Blessed are the Merciful

I still remember the moment that my Grandfather unloaded an avalanche of disrespect at my dad, in front of all of us DePoy kids. I was sixteen years old, and I launched into the defense of my dad with a lunge from the kitchen table. I rolled up my sleeves and threatened to physical strike my own Grandfather…

He died a few years ago, and we were never reconciled.

Because I have a photographic memory, and I know how to keep score. I have an emotional ledger on my lap, calculating relational profits/losses with the razor blade of “discernment”. After years of theological education, I have hidden behind the shelter of unforgiveness beneath the cloak of being a wise steward of my heart.

Reading Jesus’ invitation to live in the freedom of forgiveness has wrecked everything for me! What if He really meant that stuff? That would throw a proverbial wrench in my plans of starving the hostages in my prison of bitterness.

“Blessed are the Merciful, for they will be shown Mercy…” – defined beautifully as ‘Active compassion by Divine grace’; Mercy is intricately woven into the fabric of forgiveness, as illustrated by the Parable of the Unmerciful Servant.

Jesus paints a portrait of His Father’s posture by describing the Kingdom:
“The Kingdom of Heaven is like a King who wanted to settle all accounts…”

What does this tell us about the heart of God?

Central to the redemption Story is the gospel insistence of debt cancellation and the implications thereof.
Because we all have an account, and we all will stand before the King who desires reconciliation.


Last year I went to a conference in Orlando, Florida. I had greatly anticipated the Grand Finale – an inspiring message from a theological hero of mine. On the morning of the big event, I overslept in my hotel room (long story… no wake up call from the front desk/my lawyers are handling it…). The alarm clock revealed my inner panic, and I squealed out of the parking lot in my rented Toyota Prius. Despite the stale green light, I blew threw the immanent red-lighted intersection and cruised my way to catch the end of the conference.
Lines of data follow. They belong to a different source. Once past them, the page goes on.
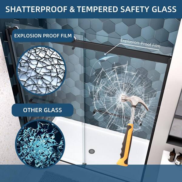 56-60 in. W x 74 in. H Double Sliding Semi-Frameless Shower Door in Matte Black Finish with Clear Tempered Glass
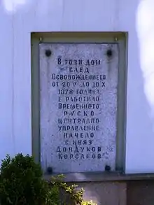 Временное русское управление возглавлял первоначально императорский комиссар князь В.А. Черкасский, в качестве начальника «Первой канцелярии гражданского управления освобожденными задунайскими землями». После его смерти в марте 1878 года во главе управления встал князь А.М. Дондуков-Корсаков.[1] С 20 мая по 10 октября 1878 г., резиденция комиссара находилась в Пловдиве, а затем была перенесена в Софию.
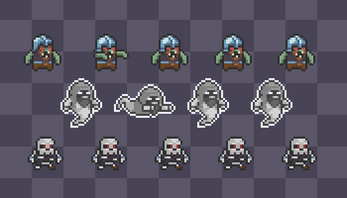 A dwarf undead sprite sheet with three characters you can use for any 2d game you are building!

Two months later, I received an “Infraction” in the mail. There was a phone number to call, if I had any questions, otherwise the necessary payment should be included in this return envelope… I dialed the phone number at the bottom of the ticket and began to argue with the Police Officer in Florida. He invited me to check out a particular website which had documented and preserved my blown red light.

Yep, that’s me… driving a rented Toyota through an intersection that could not contain my hurry.

How shall I plea? What is my defense?

But Jesus insists that the Kingdom of Heaven is like a King who desires reconciliation. He cancels the debt of “10,000 Talents” which, according to Josephus was the exact amount demanded by the Roman Emperor Pompey upon the Jews in 64 BC; This astronomical figure was another example of Jesus’ hyperbole exaggerations of the extreme. The numerical figure of 10,0000 was the highest number used in reckoning, and the “Talent” was the highest amount of printed currency in the culture of the Ancient Near East.

Jesus was communicating the weight of our sin, and the price of our forgiveness.

But then, in classic rabbinic fashion, Jesus flips the script and twists the narrative to include the lack of forgiveness offered by the slave to his peers. He leaves the presence of the Throne and immediately hunts down an outstanding debtor for repayment. Capturing his attention in a choke hold, the Unmerciful Servant refuses to offer forgiveness to the smaller debt that was owed to him.

This is me.

I am an artist at harboring unforgiveness… I have approximately 5 people in Muskegon, MI whom I am continuing to keep in my own prison. The cold shoulder is a choke hold, and I am wrestling with the demand of the King, to forgive those who have hurt me.

I have been known to run a few red lights. I have burned a bridge or two… I have left behind carnage in my wake. I have been found guilty.

And I have been forgiven. How now shall I live?